▶ **Instructions to follow**:
Copy every line from the material below that holds "años".

▶ **Recorded information**:
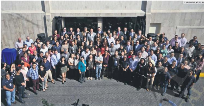
FAMILIA CENTENARIA. La presentación de "Manuelita" es una muestra del compromiso de esta casa editorial por compartir sus 102 años de historia con los ciudadanos.

EL INFORMADOR cumple 102 años, y para celebrar con nuestros lectores presentamos a "Manuelita", la primera rotativa de este diario
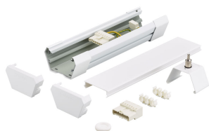
Ordercode 910925867562, 910925867563
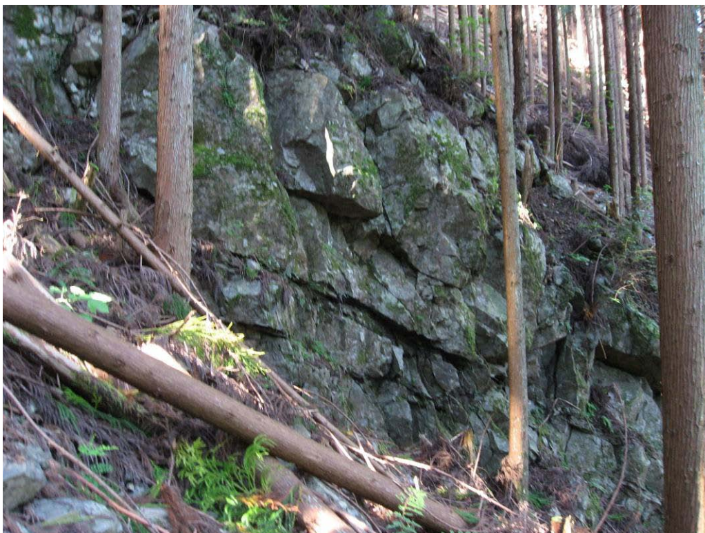
写真-1.6 崩壊地左岸側の露頭(鍛冶屋谷)

▶ **Result of this exercise**:
FAMILIA CENTENARIA. La presentación de "Manuelita" es una muestra del compromiso de esta casa editorial por compartir sus 102 años de historia con los ciudadanos.
EL INFORMADOR cumple 102 años, y para celebrar con nuestros lectores presentamos a "Manuelita", la primera rotativa de este diario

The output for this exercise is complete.